# Need to Replace Old Mechanical Timer.



## pr0wlunwoof (Apr 23, 2019)

Good Day!

My father-in-law has an old Mechanical Timer system that has not functioned since he moved in. He is now wanting to replace it and I am trying to identify what he has. Unfortunately all I have to go off of is a picture. It appears to be a 120v system, but I cant find anything that remotely looks like it online.



Any help would be appreciated. I am trying to get it ordered so when I drive the 3 hours to his house I am not scrambling.


----------



## pr0wlunwoof (Apr 23, 2019)

I got a picture of the inside door. I think I can replace it with an Intermatic R8800. Anyone have any thoughts?
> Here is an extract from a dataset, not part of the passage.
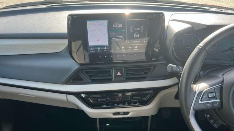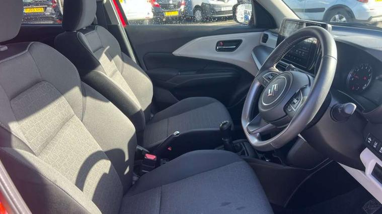 Adaptive cruise control, Automatic start/stop system, Blind spot monitoring, Colour LCD information display, Digital clock, Driver monitoring system, eCall, Fuel consumption display (average/instantaneous) and range display, Intelligent speed control support, Lane departure prevention, Lane departure warning system, Lane keeping assist (LKA), Low fuel level warning light, Navigation system, Outside temperature display, PAS, Rear cross traffic alert, Rear parking camera, Rear parking sensors, Remote fuel cap release, Smartphone integration with Apple CarPlay and Android auto, Suzuki connect, Tailgate, Traffic sign recognition, Weaving alert, 4 speakers + 2 tweeters, 9-inch infotainment display, Auxiliary input socket, Bluetooth audio streaming, DAB Digital radio, Steering wheel audio controls, USB Type A and C, 'Guide me home' headlamps, 1 speed with intermittent rear wiper + washer, 2 speeds front wiper with intermittent + washer, Automatic headlights, Black coloured A & B pillars, Black Upper and lower front grille, Body colour door mirrors and handles, C pillar trim moulding, Electric door mirrors, Electric front windows, Electric rear windows, Green tinted glass, Heated door mirrors, High beam assist, LED daytime running lights, LED High mounted stop light, LED position lamps, LED projector headlamps, LED rear combination lamp, Manual headlamp level control, Rain sensor, Rear fog lights, Rear privacy glass, Rear side wing doors, Rear spoiler, Side spoiler, 1 cup holder in rear, 12V Accessory socket in front console, 2 cup holders in front, 2 Isofix seat anchors, 3 bench rear seats in 2nd row, 3 rear head restraints, 3 spoke leather covered steering wheel, 60/40 split rear seats, Accessory socket, Centre console storage, Centre lower box, Child seat tether anchorages x 2, Chrome handbrake release button, Chrome interior door handles, Cloth upholstery, Door pockets with bottle holder, Driver/passenger sunvisors with ticket holders + vanity mirrors, Front cabin lights, Front headrests, Front map light, Front passenger side assist grip, Glovebox, Heated front seats, Heater, Height adjustable driver's seat, Luggage area lamp, Manual air conditioning with digital control panel, Material door trim ornament, Parcel shelf, Passenger seat back pocket, Pollen filter, Single front passenger seat, Tilt adjustable steering wheel, Tilt/telescopic adjustable steering wheel, 3 point ELR seatbelts for centre seat, 3 point ELR seatbelts front and rear, ABS+EBD+Brake assist, Curtain airbags, Driver airbag, Dual sensor brake support, ESP + traction control, Front and rear seatbelt reminder, Front passenger airbag, Front passenger airbag deactivation, Front seatbelt pretensioners with force limiters, Hill hold control, Rear child proof door locks, Rear seatbelts with pre-tensioners and load limiters, Side airbags with incorporated into front seats, Tyre pressure indicator, Deadlocks, Freewheeling key cylinders, Immobiliser, Keyless entry and start, Light - on and Key in reminder, Locking wheel nuts, Remote central locking, Painted instrument panel ornament, 16" Painted alloy wheels, Emergency flat tyre repair kit,

https://www.homedepot.com/p/Intermatic-R8800-Series-3-HP-220-Volt-Indoor-Outdoor-Irrigation-Sprinkler-Timer-R8806P101D82/100190932


----------



## g-man (Jun 15, 2017)

This predates me. I think it is really cool to see.


----------



## pr0wlunwoof (Apr 23, 2019)

From what I can tell it is a super common setup in Florida. You have your own shallow well just for watering and you use a rotary valve to cycle zones. Stupid simple setup with very little wiring.


----------